The XR concept expands from Milgram’s MR (Milgram & Kishino, 1994).
2.2 Virtual–real engagement and XR collaboration
Newman et al. (2007) proposed the Milgram–Weiser continuum, classifying MR applications. His classification helps categorize applications that cover a narrow band on Milgram’s continuum; however, it is insufficient to sort XR collaboration applications that often cover a broad spectrum of the continuum. In XR collaboration, not only does the user have the choice of selecting an environment that will effectively deliver useful task information to coworkers, but also the collaborative application should have the same effect, regardless of the user’s environment. Thus, it is important not to provide a mixed environment at a specific ratio, but rather to an environment in which VE and RE are entangled with each other.
The more closely intertwined the VE and RE, the more thoroughly they can imitate and reflect each other. Fig. 2 shows the correlation between a virtual object and a physical object based on the VE and RE degree of engagement. When the VE and RE are not engaged, only the physical object or the virtual object exists (Fig. 2a). Second Life (Linden Research Inc., 2003), which serves as the sole virtual world independent of the real world in which we live, is an unengaged world. The real world is another example that is not engaged. At a slightly higher engagement level, the virtual object resembles the physical object (Fig. 2b). While they appear identical, they are functionally not related; hence, they move separately. This type of virtual world is commonly called a mirrored world. One example is Google Earth (Google Inc., 2005), where a virtual replica reflecting the real world’s shape exists. At the highest engagement level, the virtual object duplicates the physical object outwardly and functionally (Fig. 2c). They are strongly intertwined; hence, the physical object’s movements are reflected in the virtual object, and vice versa. One of the application domains requiring a high degree of virtual–real engagement is the concept of a digital twin, in which a physical object and its virtual duplicate are interconnected and work as one (Tao et al., 2018). The maturity of a digital twin can be considered as an index of the virtual–real engagement. Stark and Damerau (2019) proposed the eight-dimensional model for planning digital twins, but it is not to be understood as a strict maturity model. In this work, we have focused on the connectivity mode and update frequency among the eight-dimensional model to classify existing work. Integrating virtual–real engagement with Weiser’s continuum, Fig. 3 and Table 1 show a new continuum for classifying cooperative XR applications—the virtual–real engagement and ubiquitous computing continuum.

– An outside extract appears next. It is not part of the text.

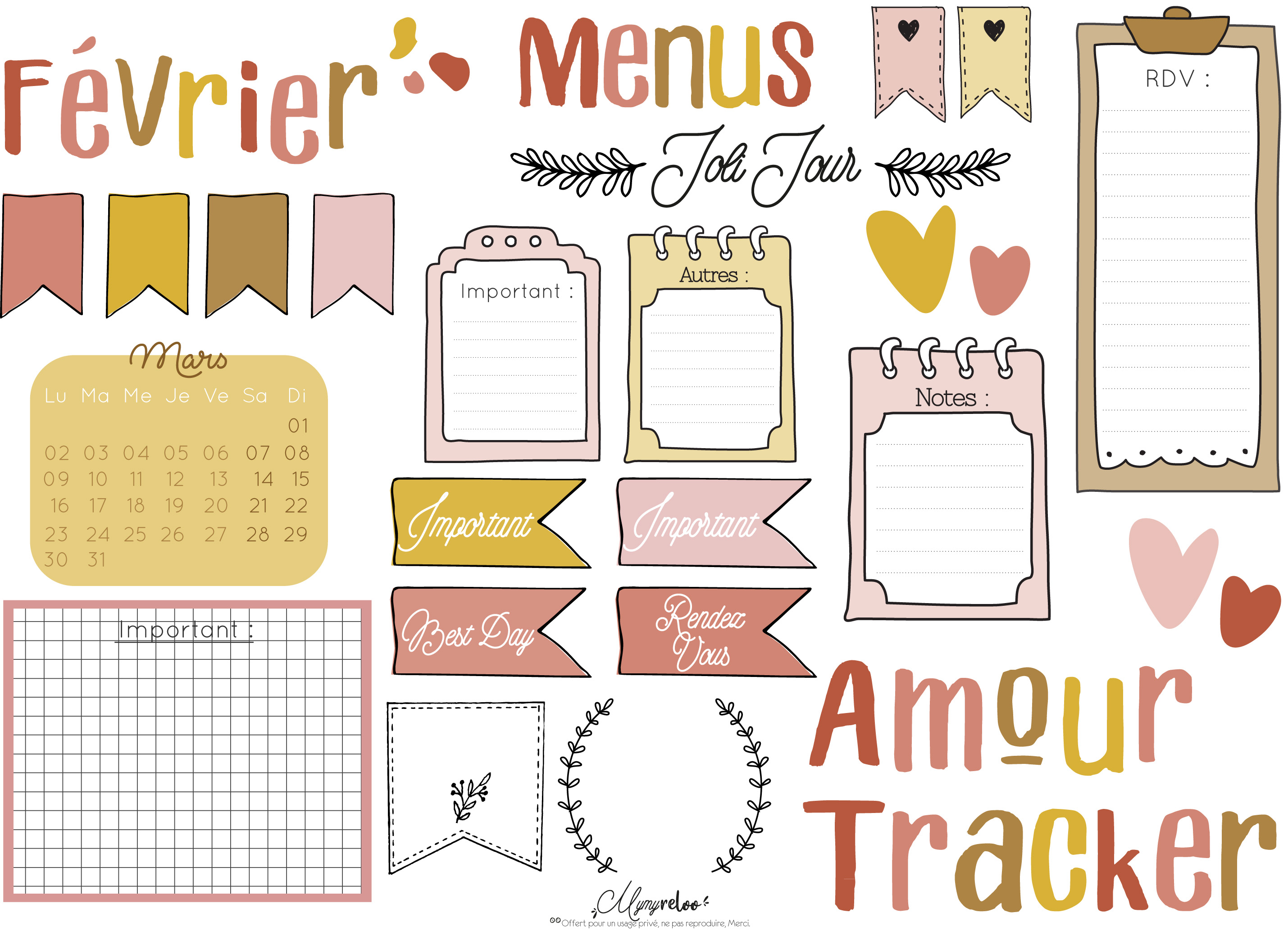 Retrouvez aussi 2 planches de déco et d’aide à l’organisation, pour vous aider à créer votre Bullet Journal, vos to do list, agenda…

The virtual–real engagement continuum. (The robot arm images are under the copyright of Universal Robots.)
For nonengaged virtual–real studies, collaborative tasks are conducted solely in the VE or RE. Among them, it can be seen that some studies (Kato & Billinghurst, 1999; Shen et al., 2010; Wong & Gutwin, 2014; Zillner et al., 2014; Higuchi et al., 2015; Müller et al., 2016; Dey et al., 2017; Poretski et al., 2018; Grandi et al., 2019; Huh et al., 2019; Pereira et al., 2019) are located at the far left on our continuum (Fig. 3) because users can perform tasks only on virtual objects. Spatial virtual reality (SVR) is an immersive VR type, which requires a fixed space where a projector or display is installed (Bimber & Raskar, 2005a, b) and serves a terminal interface that provides services to multiple users. The studies (Febretti et al., 2013; Beck et al., 2013) employing SVR are at the upper left of Fig. 3. Meanwhile, virtual collaborative interface studies (Pauchet et al., 2007; Tang et al., 2010) supporting a variety of communication channels with numerous personalized devices are seen as close to the ubiquitous section of Fig. 3.

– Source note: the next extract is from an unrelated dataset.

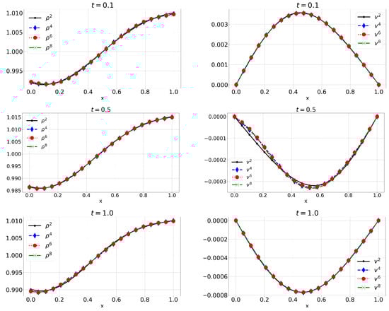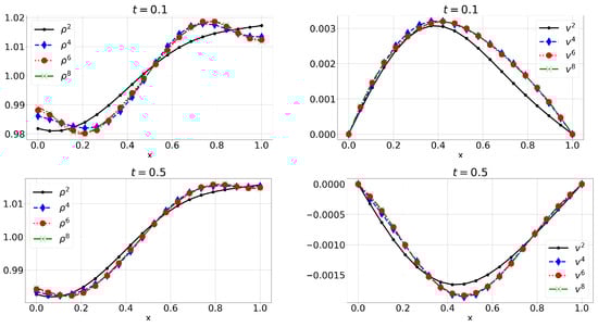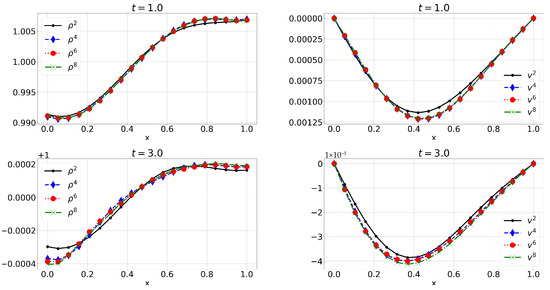 E2: Numerical approximations of mass density and velocity v for .

Collaborative VR/AR/MR studies are located in the middle of the terminal and the ubiquitous extremes of Fig. 3. Collaborative VR/AR/MR studies are often configured with a personal device, such as hand-held device or Head-Mounted Display (HMD). Location-based AR (Seo et al., 2016) and remote assistant AR (Lipson et al., 1998; Bauer et al., 1999; Gurevich et al., 2012; Kasahara et al., 2012; Gauglitz et al., 2014; Kim et al., 2014; Fakourfar et al., 2016; Gupta et al., 2016; Nuernberger et al., 2016) studies perform tasks on physical objects in the RE. These studies do not create virtual objects that directly duplicate the physical objects to be collaborated with but differ from previous studies—which did not have virtual–real engagement at all—in that they recognize the physical object in the VE and create a virtual annotation related to it. They are located to the right of the previous nonengaged studies on our continuum. Remote assistant AR studies using a 360-degree camera (Chen et al., 2015; Kratz et al., 2015; Nagai et al., 2015; Kasahara et al., 2017; Lee et al., 2017, 2018; Piumsomboon et al., 2019) or depth camera attached to a mobile device (Sodhi et al., 2013; Gao et al., 2016) can convey more context of the RE with a wide field of view or greater degree of dimension information than the previously stated type of remote assistant AR studies—thus implying that they become slightly more virtual–real engaged than the previous types. Other studies (Alem & Li, 2011; Junuzovic et al., 2012; Jones et al., 2014; Irlitti et al., 2019), which require static space to augment virtual objects in the RE, called spatial augmented reality, have terminal interfaces in the way as SVR applications do. These studies reside on the right-hand side of SVR in terms of the virtual objects that permeate the RE.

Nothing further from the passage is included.